NIRMAN also collaborated with both the University of Waterloo, Canada and the Indian Institute of Technology, Kharagpur for a Field School on Environmental
Change and Governance: Coastal Wellbeing and Ecosystem Services Amidst Rapid Change that took place at Chilika Lagoon, Badakul, India. Over the span of the
5 day field school graduate students from IIT Kharagpur and the University of Waterloo, faculty members from both institutes, NIRMAN program staff,
fisher community leaders, and government marine and coastal department officials came together in order to learn and understand many concepts and
approaches in coastal environmental change, human wellbeing, ecosystem services, and governance as well as to conduct surveys in local fishing villages in
order to evaluate general wellbeing.
NIRMAN has also organized a number of policy workshops and discussion forums on Chilika in the last several years.
Prominent among those were 1) The Future of Chilika Lagoon (2016), 2) State-level Consultation on Operationalizing the Voluntary Guidelines for Securing
Sustainable Small-Scale Fisheries in the Context of Food Security and Poverty Eradication Food and Agriculture Organization of the United Nations (2015), 3)
Human-Environment relationship in Chilika (2013).

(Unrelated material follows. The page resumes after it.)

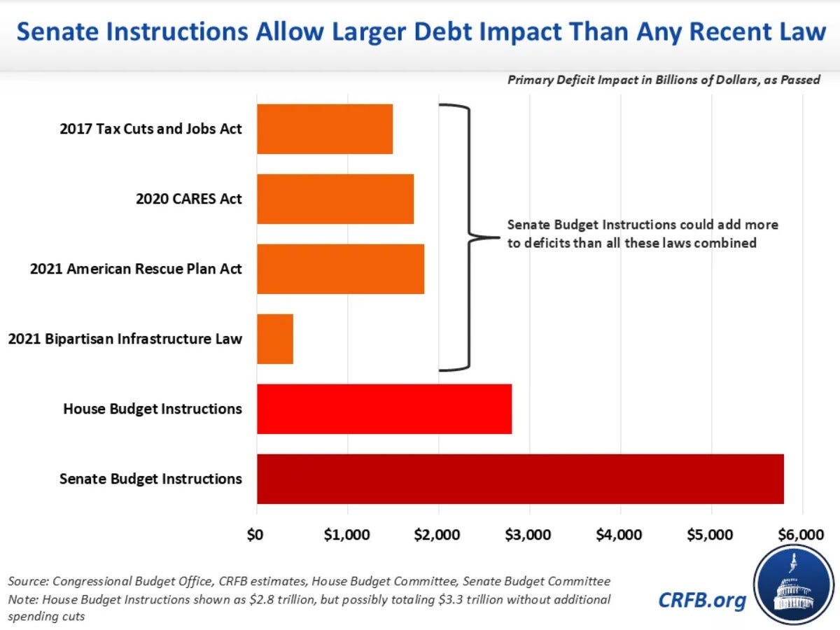 the proposed concurrent Fiscal Year (FY) 2025 budget resolution would allow policymakers to add $5.8 trillion to primary deficits through 2034 via a reconciliation package. Such a bill would be historically unprecedented in its fiscal irresponsibility, adding several times more debt than any reconciliation package or other recent piece of legislation.

As part of our ongoing collaboration with the University of Waterloo, Canada, NIRMAN has hosted a number of graduate and undergraduate thesis
students and interns over the past years. They include: Masters in Sustainability Management students, Ashok Selvaraj on ‘Social-ecological system
change and adaptation: A case of Chilika lagoon small-scale fishery, India’ (2014) and Fatima Noor Khan on ‘Women and Environmental Change:
A Case Study of Small-Scale Fisheries in Chilika Lagoon’; International Development thesis students Kaitlin Murray on ‘The role of forest governance
in food and livelihood security: A case study of NIRMAN, Odisha, India’ and Patricia Crisan Szabo on ‘Rapid environmental change,
mental health and wellbeing in Chilika Lagoon, India’; Master of Development Practice students Rebecca Armour and Rebecca Thomson as interns.
NIRMAN plans to continue work in Chilika Lagoon area through research, advocacy and information dissemination processes.